Rising incomes, a growing middle class and burgeoning flight connections are putting more people in the world’s most populous country on the move, analysts said, echoing a decades-long trend in China.

“What you find with travel is there’s a button that gets pressed,” said Richard Clarke, Bernstein’s senior analyst for global hotels and leisure. “As soon as you hit the middle class you start travelling, and once you’ve got paid leave, that’s the trigger point to start travelling.”

By 2027, India should eclipse Australia, Canada and France to become the world’s fifth-biggest outbound tourism market, according to Bernstein. By then, Indian tourists will account for $89bn of the market value, it forecasts, more than double the $38bn recorded in 2019.

The Middle East is Indians’ top destination for outbound travel, accounting for nearly half of foreign trips, followed by south-east Asia, North America and western Europe, Bernstein said.

India is now the biggest source of holidaymakers in Dubai, ahead of neighbouring Saudi Arabia and Oman. It is the third-largest source of tourists for Thailand, according to the Tourism Authority of Thailand, which has organised roadshows in Indian cities such as Ahmedabad, Chandigarh and Lucknow in an effort to secure more visitors.

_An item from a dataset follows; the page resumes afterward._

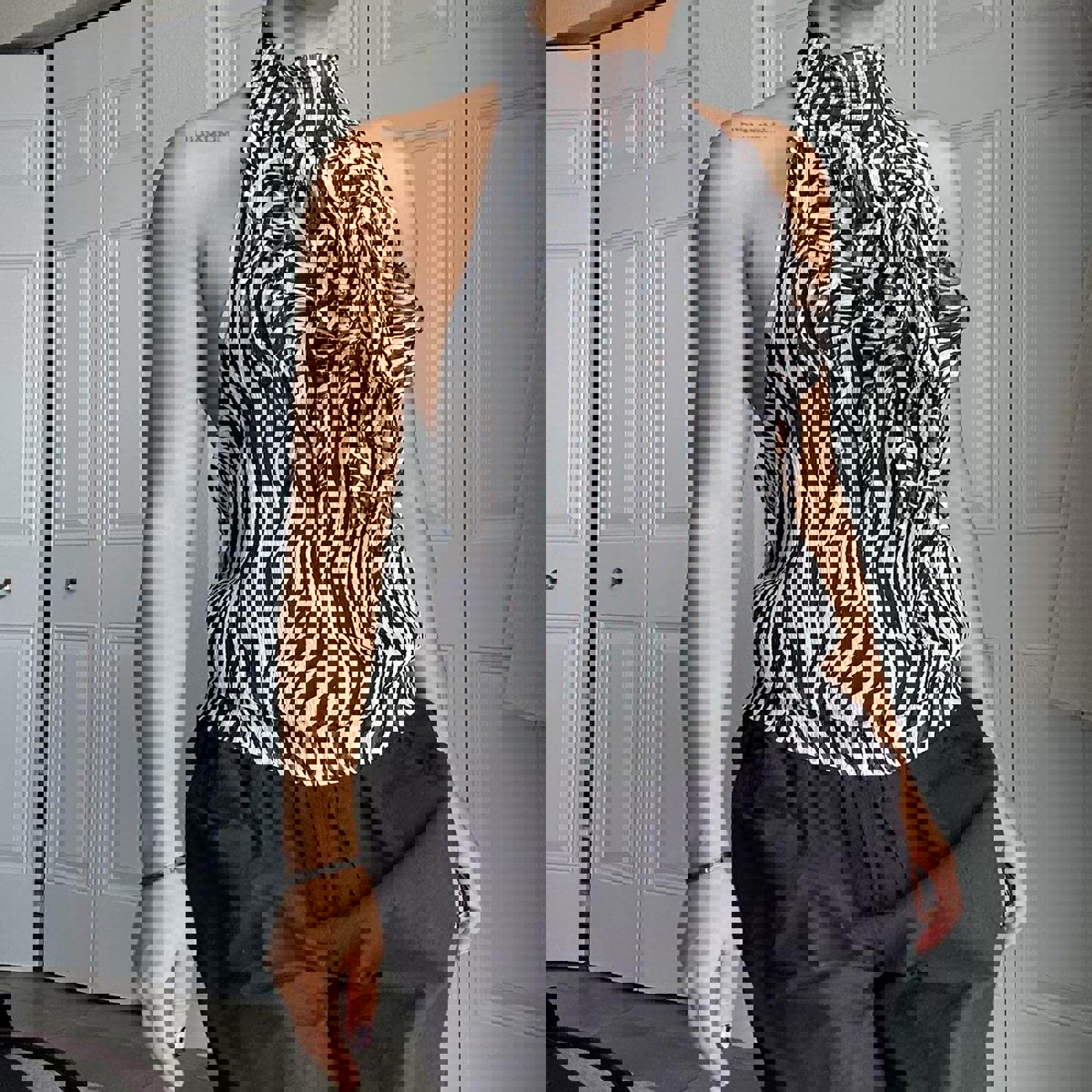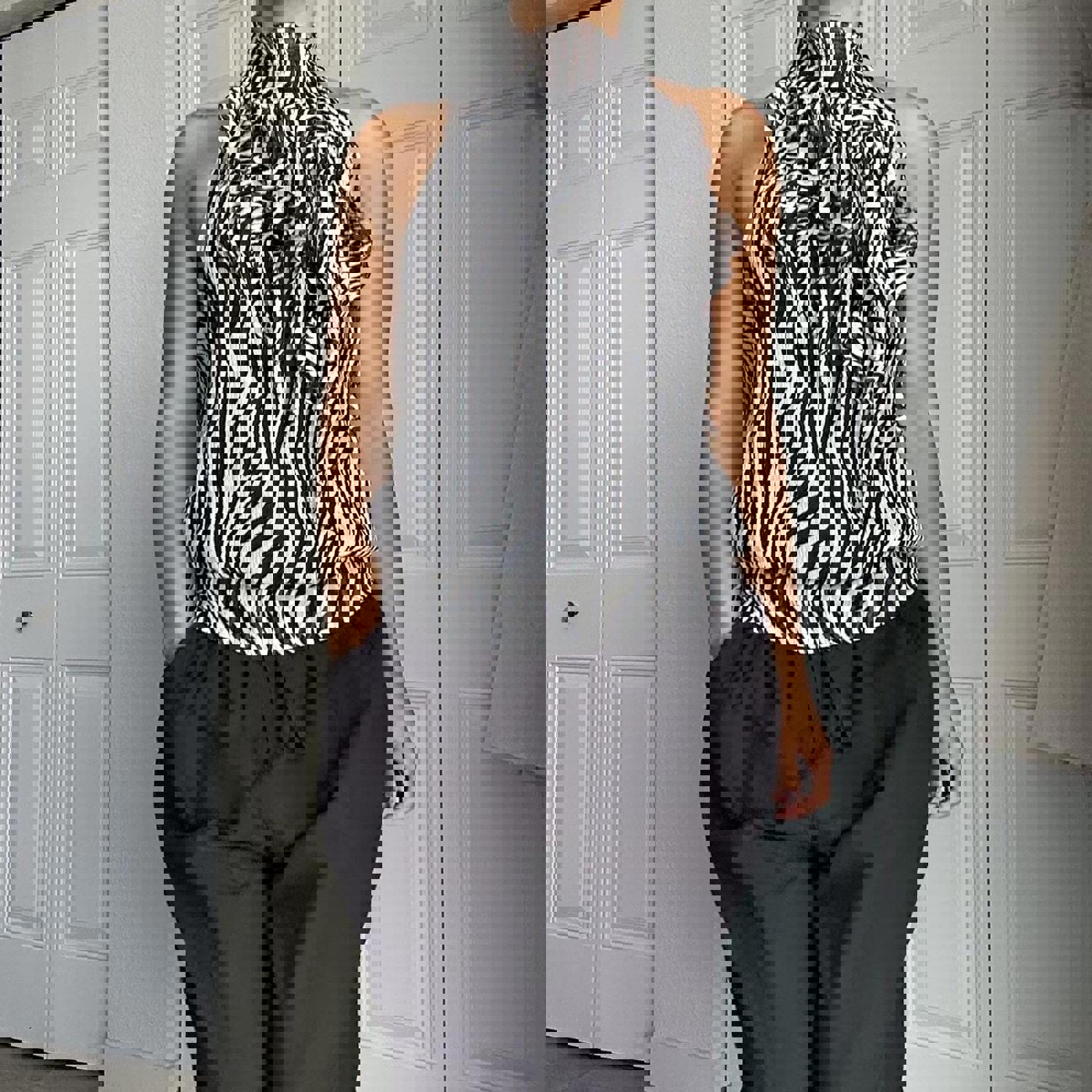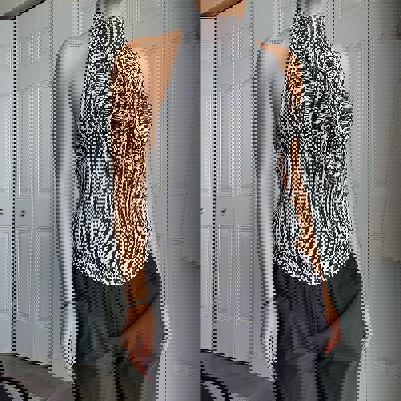 589. Passport zebra print high neck halter top in a size medium shown on a small. Perfect condition

With India’s market growing and China struggling to revive outbound tourism after the pandemic, “India is taking the share of what was left by the Chinese pre-Covid”, said Paul Charles, chief executive of travel consultancy The PC Agency.

“There is no question that India’s travel market will be among the largest in the world over time,” said Elie Maalouf, chief executive of Holiday Inn and InterContinental owner IHG.

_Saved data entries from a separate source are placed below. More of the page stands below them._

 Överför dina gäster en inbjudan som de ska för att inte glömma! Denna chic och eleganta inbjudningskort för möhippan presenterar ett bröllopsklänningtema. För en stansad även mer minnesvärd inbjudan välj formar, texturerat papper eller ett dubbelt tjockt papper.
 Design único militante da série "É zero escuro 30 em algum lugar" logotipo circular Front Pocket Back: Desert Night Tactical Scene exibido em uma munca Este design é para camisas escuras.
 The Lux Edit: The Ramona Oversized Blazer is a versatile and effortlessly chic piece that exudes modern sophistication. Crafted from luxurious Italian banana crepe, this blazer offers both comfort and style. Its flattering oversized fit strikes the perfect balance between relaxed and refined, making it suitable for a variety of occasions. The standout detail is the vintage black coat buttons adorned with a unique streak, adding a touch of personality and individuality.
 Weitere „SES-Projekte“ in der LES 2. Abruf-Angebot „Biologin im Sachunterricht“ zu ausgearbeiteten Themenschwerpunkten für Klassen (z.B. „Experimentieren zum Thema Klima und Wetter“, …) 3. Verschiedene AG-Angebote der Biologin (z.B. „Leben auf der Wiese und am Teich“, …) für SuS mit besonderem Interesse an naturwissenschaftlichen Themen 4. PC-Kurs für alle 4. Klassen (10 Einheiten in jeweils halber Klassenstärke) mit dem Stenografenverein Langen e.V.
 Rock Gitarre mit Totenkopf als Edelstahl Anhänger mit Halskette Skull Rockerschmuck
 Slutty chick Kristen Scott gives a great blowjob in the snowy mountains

A record 115,000-plus departures are scheduled from Indian airports in September, a 9 per cent increase from a year ago, according to aviation data provider Cirium. Airlines, including India’s two biggest carriers, are planning for a tourism take-off. IndiGo Airlines and Air India ordered 500 and 470 new aircraft, respectively, last year, the two biggest orders in aviation history.

Air Canada will add 40 per cent more seat capacity for the Indian market from October. “The Indian outbound market is about large families travelling,” said Charles. “Airlines and hotels benefit from more seats and rooms being bought by a family rather than just two people travelling together.”

The impact of greater disposable income and willingness to travel will also be felt domestically. By 2027, India will be the third-biggest domestic tourism market after the US and China, Bernstein estimates — though still trailing those markets by a large margin.

With 65 hotels, India’s domestic market now accounts for 2 per cent of the global transaction volume of Accor, the hotel group behind Novotel and Sofitel. Accor chief executive Sébastien Bazin forecasts that within seven or eight years, the Indian market will match that of the US, which generates 12 per cent of global transaction volume.

For some travellers such as Duneja, higher costs at home are encouraging them to look further afield. Prices in Indian resort destinations such as Goa and Kerala have made foreign trips to nearby countries such as Vietnam, Sri Lanka, Thailand and Singapore more attractive, industry groups said.

“It’s going to work out more or less the same,” said Harjinder Singh, a Delhi-based tour operator and managing committee member of the Association of Domestic Tour Operators of India. “The mindset is, ‘I am travelling abroad, showing off’, and also, it’s equal in price, if not cheaper.”

Sana Nageshwar Rao, 72, a retired Indian civil servant, is ratcheting up the number of countries he has visited — 35 so far, most recently Egypt.

“Previously Indians didn’t used to spend money, but now they are going abroad,” said Rao. “They are cultivating the habit of spending and enjoying it with the family.”